#### Source material

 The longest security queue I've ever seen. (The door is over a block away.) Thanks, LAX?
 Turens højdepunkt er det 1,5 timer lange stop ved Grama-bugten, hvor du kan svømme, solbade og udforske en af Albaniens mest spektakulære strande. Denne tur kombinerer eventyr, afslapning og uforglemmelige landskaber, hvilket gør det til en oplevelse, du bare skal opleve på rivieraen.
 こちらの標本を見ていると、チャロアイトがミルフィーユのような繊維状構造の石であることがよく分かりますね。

########

- [Exercise goal]: Copy the lines above exactly, leaving every word as it is.

- [Written answer]:
 The longest security queue I've ever seen. (The door is over a block away.) Thanks, LAX?
 Turens højdepunkt er det 1,5 timer lange stop ved Grama-bugten, hvor du kan svømme, solbade og udforske en af Albaniens mest spektakulære strande. Denne tur kombinerer eventyr, afslapning og uforglemmelige landskaber, hvilket gør det til en oplevelse, du bare skal opleve på rivieraen.
 こちらの標本を見ていると、チャロアイトがミルフィーユのような繊維状構造の石であることがよく分かりますね。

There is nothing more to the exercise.